So perhaps there is something else going on.  SELinux?

Reporter: are there any SELinux AVCs when this happens?

[1] Relevant libguestfs code:

https://github.com/libguestfs/libguestfs/blob/ae78381287771a781f939f26a414fc8cfdc05fd6/src/appliance.c#L68

Comment 4 Richard W.M. Jones 2013-07-15 11:34:51 UTC
Assumption: https://lwn.net/Articles/482544/
didn't go upstream.  It's not in the upstream kernel, nor
in Fedora Rawhide kernel.

Comment 5 Richard W.M. Jones 2013-07-15 12:57:54 UTC
Created attachment 773725 [details]
qemu-system.py

I am finally able to reproduce the problem using the attached
script and the following steps.

(1) Prerequistes: libguestfs >= 1.22, Fedora >= 19
    Install python-libguestfs.

(2) Download attached script, chmod +x qemu-system.py

(3) You may need to enable libvirt management access by your
    current non-root user.  See the instructions here:
    https://bugs.launchpad.net/devstack/+bug/1086784

(4) Run the script *as non-root*.

You may need to repeat step (4) several times before you see
the error.

You may see the following error, which should be ignored:

RuntimeError: could not create appliance through libvirt: internal error process exited while connecting to monitor: qemu-system-x86_64: -chardev socket,id=charserial0,path=/tmp/libguestfslVQXad/console.sock: Failed to connect to socket: Permission denied

That's a different bug (bug 913774).

The correct error you are looking for is:

RuntimeError: link: /var/tmp/.guestfs-1000/kernel /var/tmp/.guestfs-1000/kernel.7570: Operation not permitted

To diagnose further, run libguestfs-test-tool (again, NON-root),
and you should see the same error with a lot more debug.

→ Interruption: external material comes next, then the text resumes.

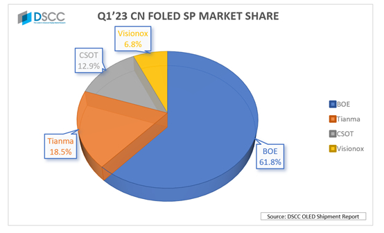 DSCC数据显示,TCL华星第一季度柔性OLED出货量约为585万片。从当前下游的客户品牌构成来看,TCL华星出货较为依赖战略客户小米。

There are no SELinux errors, so clearing NEEDINFO flag.

Comment 6 Richard W.M. Jones 2013-07-15 13:02:41 UTC
Attila, please try the following patch (you can probably
just find and patch the disk/vfs/guestfs.py file directly):

diff --git a/nova/virt/disk/vfs/guestfs.py b/nova/virt/disk/vfs/guestfs.py
index 29b3965..f735583 100644
--- a/nova/virt/disk/vfs/guestfs.py
+++ b/nova/virt/disk/vfs/guestfs.py
@@ -98,9 +98,7 @@ class VFSGuestFS(vfs.VFS):
 
         try:
             self.handle.add_drive_opts(self.imgfile, format=self.imgfmt)
-            if self.handle.get_attach_method() == 'libvirt':
-                libvirt_url = 'libvirt:' + libvirt_driver.LibvirtDriver.uri()
-                self.handle.set_attach_method(libvirt_url)
+            self.handle.set_attach_method("appliance")
             self.handle.launch()
 
             self.setup_os()

After applying the patch and before restarting nova, do:

sudo rm -rf /var/tmp/.guestfs-*

just to make sure that no old broken cache directory exists.

Comment 7 Attila Fazekas 2013-07-15 16:49:56 UTC
The above patch lets the machine boot and reaching the ACTIVE state.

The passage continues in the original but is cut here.